Are you ready for a water emergency?

83989_optAs we inch closer to spring, it’s time to give some thought to the upcoming thaw and how it might affect your home and property. Recently, the Insurance Board of Canada stated that flooding and other emergency water events are now more common than fire across the country. Would you be ready if your home was flooded by a major water emergency? Even if you live at the top of a hill, you can still be affected by flooding due to old infrastructure or weather events according to Jennifer Kolah, a senior underwriter with the property and casualty side of Desjardins Insurance. Sewer backups and other plumbing issues may occur at any time because of:

• Heavy rain in a short period of time

• A snap thaw or a seasonal snow melt after a particularly snowy winter

• An increase in the water table after a prolonged wet period

Some of these events might inconvenience you for a couple of hours, while others could keep you out of your home for several days or weeks. So in case you’re affected, it’s important to have a plan in place because the first three days after an emergency are the most critical. It should define each family member’s role, include instructions for a meeting location and contain a list of emergency contacts. Also have a 72-hour emergency kit ready to go. Typically it will include three days’ worth of water for each person in your family, imperishable food stuffs, candles, flashlight and batteries, and a first-aid kit.

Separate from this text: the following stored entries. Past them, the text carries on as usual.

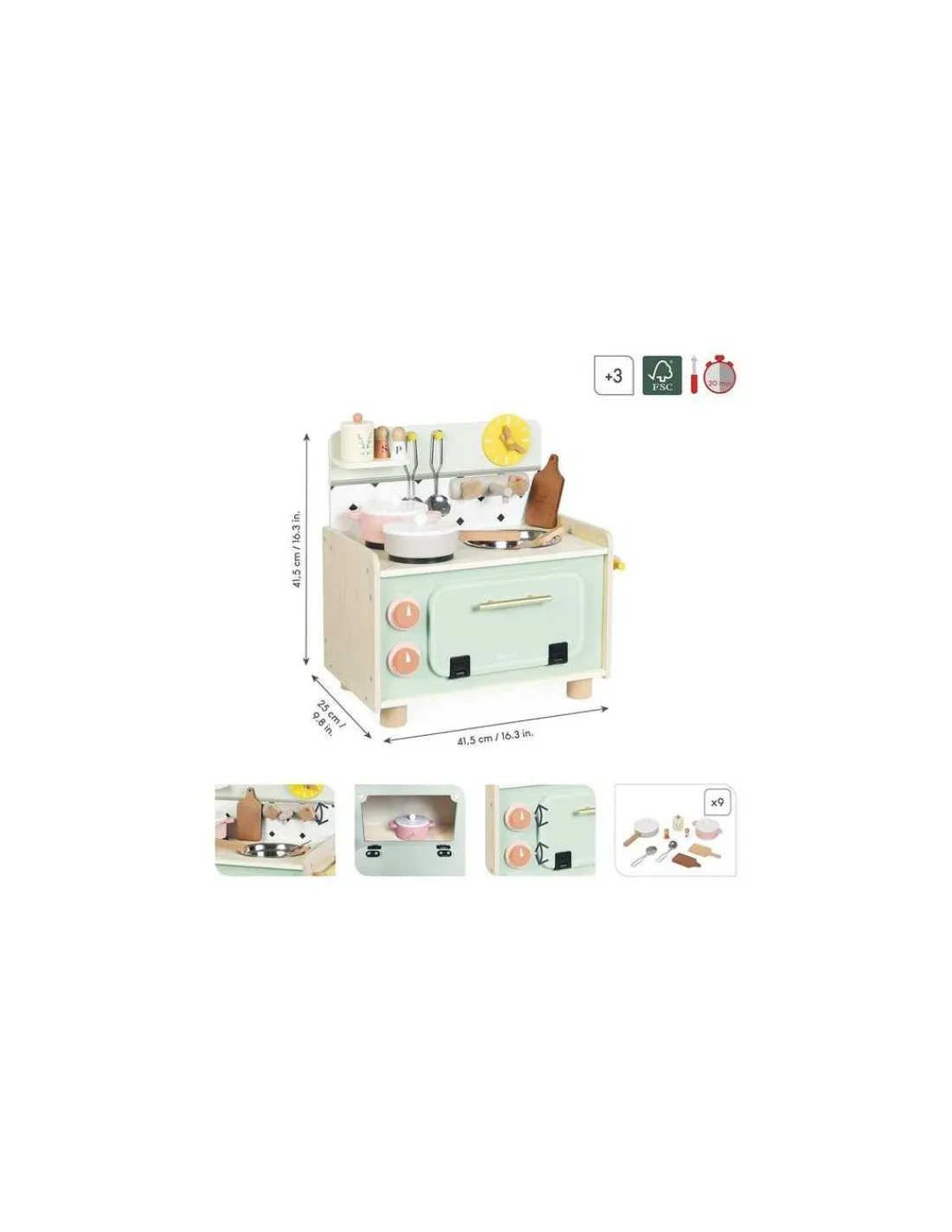 Découvrez la kitchenette de la collection Mamie Soleil de Janod, une cuisine en bois conçue pour les enfants dès 3 ans, idéale pour préparer de délicieux petits plats.
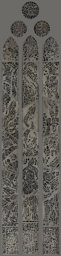 Vitrail tripartite monumental d’environ six mètres de haut et de deux mètres de large composé de 24 panneaux, dont 21 étaient installés dans les trois lancettes en arc brisé et trois dans les occuli des remplages de la baie centrale du chœur de l’église. Le vitrail a été démonté en 1978 (voir historique de l’œuvre) ; les 24 panneaux sont aujourd’hui conservés aux archives du couvent.
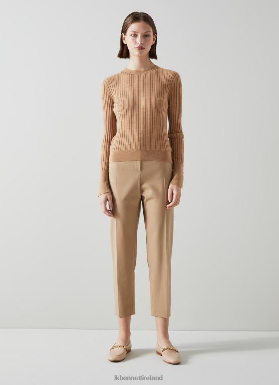 Clothing LK Bennett Women Daisy Merino-Cotton Blend Ribbed Jumper Camel Melange LJ48X118

Secondly, while you can’t predict when you could be affected by a flood, you can prevent plumbing-related water damage through regular household maintenance:

• Make sure that everyone in your family knows how to find and shut off the water valves for the different parts of your home. In case of an emergency, they should know how to turn off the water main, water heater, washing machine, dishwasher, sinks and toilets. This should also be done before you go on vacation to prevent any unexpected water damage that may occur in your absence.

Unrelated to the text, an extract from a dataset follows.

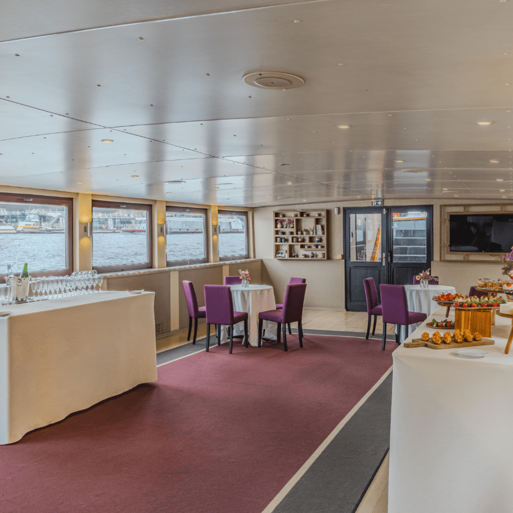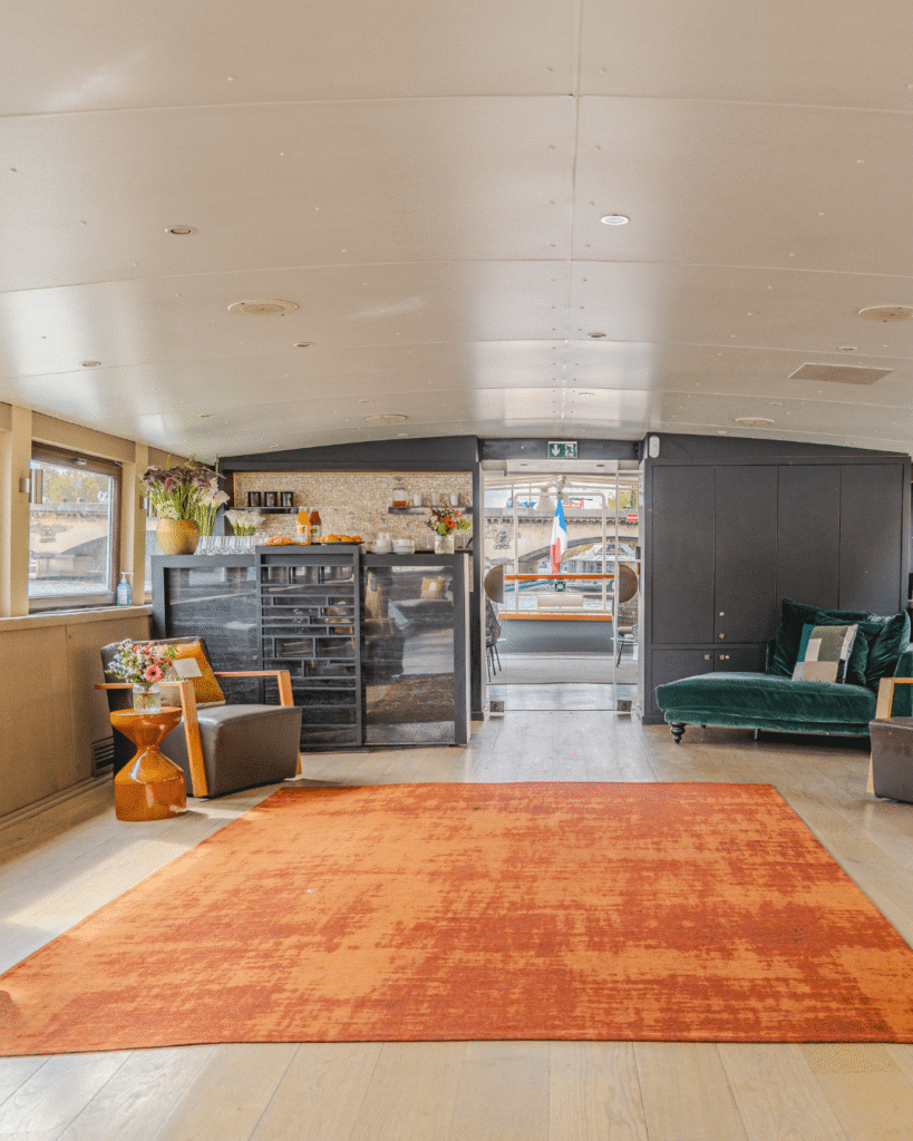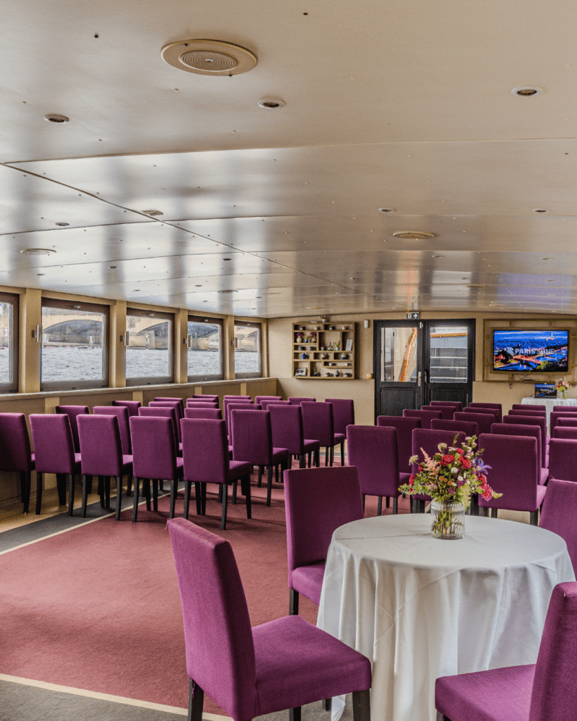 Amarré face à la Tour Eiffel, Le Signac dévoile une atmosphère cosy et chaleureuse grâce à ses deux ponts feutrés et ses terrasses multiples. Ce bateau élégant offre un cadre idéal pour accueillir vos invités lors de vos plus beaux événements : dîner d’entreprise, anniversaire intimiste, afterwork entre collègues ou croisière privative au fil de l’eau.

• Be aware of leaks in faucets, pipes and hoses. Sometimes a leak is a sign of a larger problem. Aim to fix any issues right away. Make sure you check the condition of your home’s water tank for example, which should be replaced every seven to 10 years, depending on the water hardness.

• In the spring make sure your roof is in good condition and that there is no cracking around your foundation. These are key areas where water can get in and cause a lot of damage. In the fall, remove leaves and debris from your gutters and downspouts. And just before winter starts, make sure to turn off all outdoor water taps.